If you need more info please let me know.

By: Kevin Harwell (kharwell) 2020-12-03 11:27:15.339-0600

{quote}I can also provide you the core dump if necessary.{quote}
Can't hurt to have it in this case.

{panel:title=Private Submission of Information Disclaimer}You have indicated that you wish to submit unredacted information privately. It is not recommended to do this as it will substantially restrict the number of individuals who can help with your issue, as submitted information is only available to Sangoma. Note that submission of such information does not change the priorization of this issue. If you still wish to proceed you may do so by sending it to asteriskteam@digium.com with the issue number in the subject. For large files please send a link where they can then be downloaded. By sending this information you agree to the Website Terms of Use available on the Sangoma website at https://www.sangoma.com/legal/. Any exchange of private information between you and an Asterisk community member outside of the Asterisk JIRA is not subject to the Website Terms of Use and should be privately discussed between yourself and the Asterisk community member.{panel}

Please execute the following to get the needed files [1]:
{noformat}
$ /var/lib/asterisk/scripts/ast_coredumper --tarball-coredumps --no-default-search <path_to_coredump>
{noformat}

[1] https://wiki.asterisk.org/wiki/display/AST/Getting+a+Backtrace#GettingaBacktrace-Reportingcrashesanddeadlocks

By: Diogo Hartmann (Mauri de Souza Meneguzzo (3CPlus)) 2020-12-03 15:14:40.334-0600

I already have the core dumps in this format, we have a routine to upload the core dumps to a google storage bucket.

Do I need to upload as an attachment to this issue or share a private link with you?


By: Kevin Harwell (kharwell) 2020-12-03 15:40:54.527-0600

Up to you. The file is usually too large to attach here, but if you don't mind the data and/or google link being public then you can supply here on the issue.

That said if you'd rather it be private you can email a link for download to asteriskteam@digium.com with this issue number as the subject.

Thanks!

By: Diogo Hartmann (Mauri de Souza Meneguzzo (3CPlus)) 2020-12-04 05:10:41.113-0600

I've sent an email with a link to the core dump tarball.

I hope you have enough info to identify the issue, our service is highly impacted by this bug.

If that helps, we have an AMI+ARI integration constantly listening for the following events:

{noformat}
agent-login
connection
connection-answered
connection-spy
{noformat}

I dunno but this may be related.

Thanks!

By: Joshua C. Colp (jcolp) 2020-12-04 05:15:20.196-0600

Just to set expectations - there is no timeline on when this issue would get looked into.

By: Kevin Harwell (kharwell) 2020-12-07 13:35:10.681-0600

What's OS (and version number) that the container is running?

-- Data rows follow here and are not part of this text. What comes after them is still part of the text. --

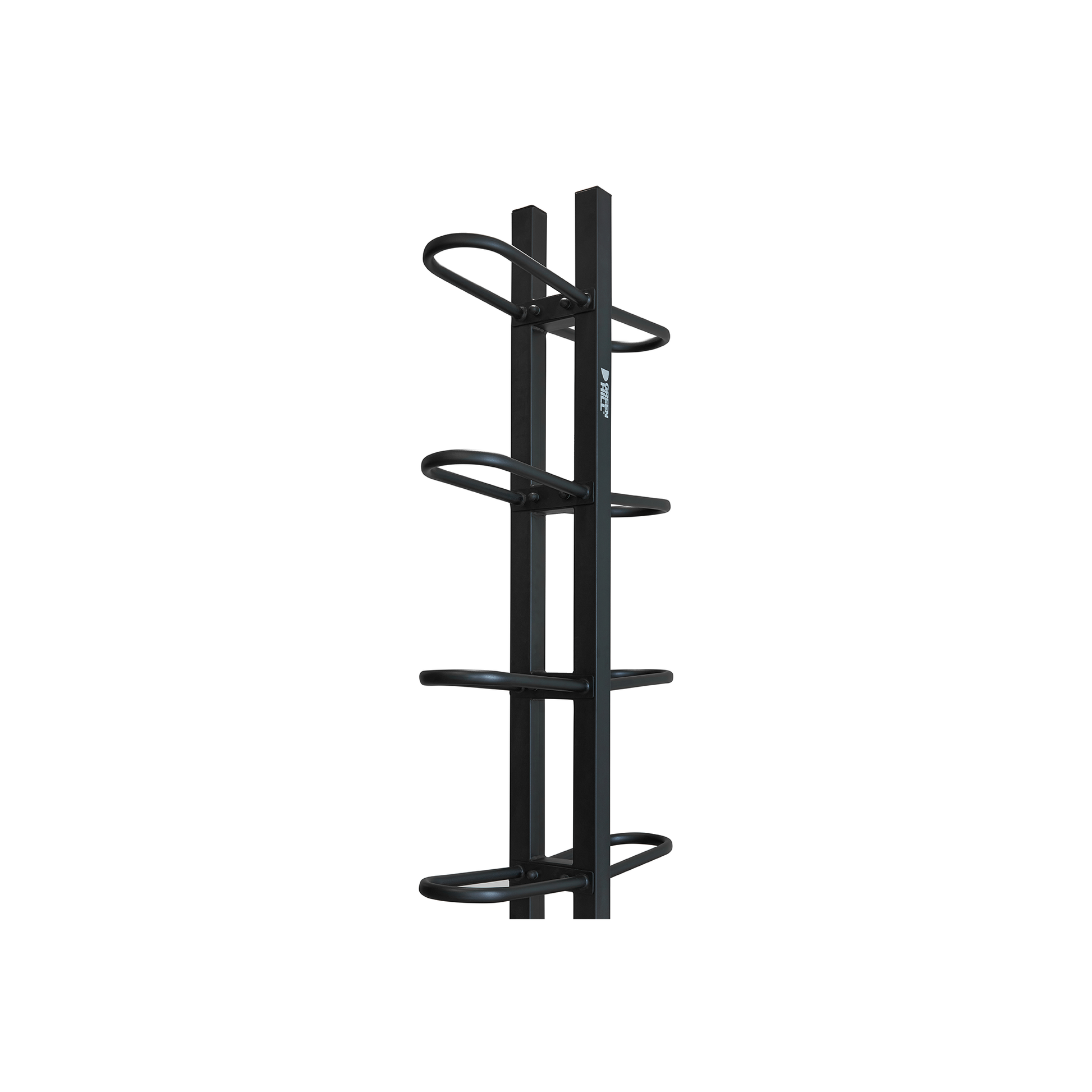 Die 4 Gummifüße an der Basis des Ständers sorgen für zusätzliche Stabilität auf jedem Boden. Dieser doppelseitige Bodenständer ist eine praktische Lösung für die Aufbewahrung von Medizinbällen in Turnhallen.
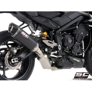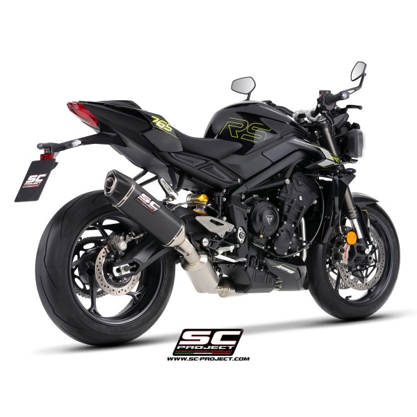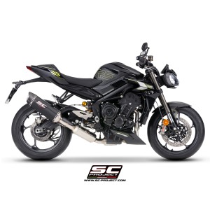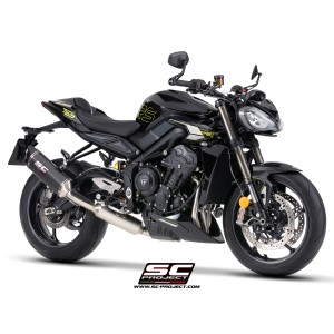 SC Project para TRIUMPH STREET TRIPLE 765 (2024 - 2026) - EURO 5+ - Línea de escape completa 3-1 acero inoxidable, con escape SC1-X carbono
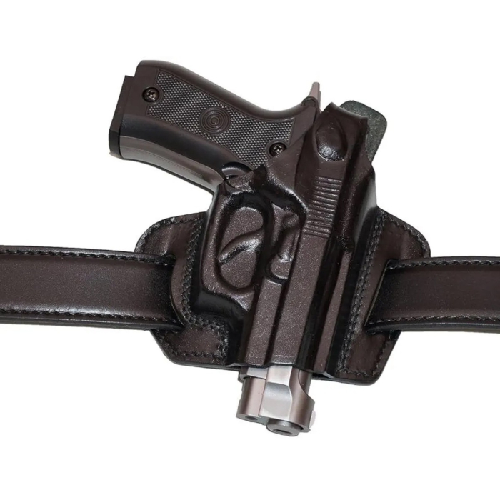 This black leather OWB pancake belt holster is built for users who want dependable retention, comfort, and stability in an open carry configuration. The pancake-style design uses dual belt slots to pull the holster inward against the body, helping minimize bulk while keeping the firearm securely positioned on the belt.

By: Diogo Hartmann (Mauri de Souza Meneguzzo (3CPlus)) 2020-12-07 13:59:16.441-0600

We use a modified version of this image https://github.com/lucasvs/docker-asterisk

It's running Debian 11 (Bullseye).

By: Lucas Souza (lucasvs) 2021-05-27 14:26:13.076-0500

I found a solution, in my code I was doing a POST ARI to delete the channel (channel is on the bridge) and another to delete the bridge synchronously. so to fix it I put a 5 second sleep after deleting the channel and the FRACK crash stopped.

I think there is a race condition on the asterisk when the delete channel (channel is on the bridge) and the delete bridge run synchronously.

By: Lucas Souza (lucasvs) 2021-07-13 08:03:13.499-0500

Just to update, one month without FRACK crashes after applying the above solution. We've been testing 18.5.0 for a week and no FRACK too.